Joint work with Francesco Del Prato; VisitINPS 2020 project. Under revision. NEW VERSION COMING SOON!

Abstract. We explore the effect of a reduction in overall labor costs, indirectly induced by an Italian reform that weakened employment protection legislation, on the productivity distribution of manufacturing firms. Due to the unique institutional features of the Italian collective bargaining system, in the manufacturing sector the reform led to a clean reduction in average worker compensation, without altering the average structure of employment relationships. This decrease in labor cost resulted in a reduction in average total factor productivity (TFP) among less productive firms, and an increase at the upper end of the distribution. We pair these findings with increased entry and exit dynamics among low-productivity firms, suggesting the presence of an adverse selection mechanism at the bottom of the TFP distribution, enhanced by the reform. We formalize this concept via a general equilibrium model that links productivity to frictions in the markets for inputs.

Joint work with Aslan Bakirov and Francesco Del Prato. Under review.

Abstract. How much do worker skills, firm pay policies, and their interaction contribute to wage inequality? Standard approaches rely on latent fixed effects identified through worker mobility, but sparse networks inflate variance estimates, additivity assumptions rule out complementarities, and the resulting decompositions lack interpretability. We propose TWICE—Tree-based Wage Inference with Clustering and Estimation—a framework that models the conditional wage function directly from observables using gradient-boosted trees, replacing latent effects with interpretable, observable-anchored partitions. This trades off the ability to capture idiosyncratic unobservables for robustness to sampling noise and out-of-sample portability. Applied to Portuguese administrative data, TWICE outperforms linear benchmarks out of sample and reveals that sorting and non-additive interactions explain substantially more wage dispersion than implied by standard AKM estimates.
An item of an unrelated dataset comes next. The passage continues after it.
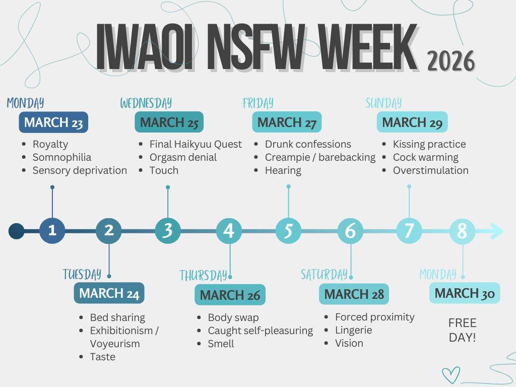 Welcome to a new NSFW Iwaoi Week!This is an explicit, +18 event created to celebrate in a very spicy way this amazing ship ♥The Event will run from March 23 to March 30. Here you can find the prompts chosen for the Week. Have fun creating!Please check all the useful info in the links as well as our twitter & bluesky accounts! →

Joint work with Francesco Del Prato and Yaroslav Korobka.

Abstract. This paper introduces an estimator for quadratic forms based on the linear parameters of a semi-parametric model. The leading example is the workhorse model of wage determination by Abowd, Kramarz, and Margolis (1999, AKM): our estimator targets standard variance components while allowing for a nonparametric treatment of both worker- and firm-level observable characteristics. We propose a bias-corrected estimator robust to heteroskedasticity that controls for approximating functions of the covariates. We show that this estimator is asymptotically unbiased and consistent when the number of linear parameters (e.g. the AKM fixed effects) is proportional to the sample size. In particular, consistency hinges on a strengthened smoothness condition (which we discuss for the first time) on the nonparametric component’s functional class. In an empirical application, we show that adding a rich set of controls to the standard AKM model yields implausibly large firm effects. Our method addresses this issue, yielding estimates of variance components that aremore robust relative to conventional approaches. Confounding—not functional-form choice—drives the standard model’s instability.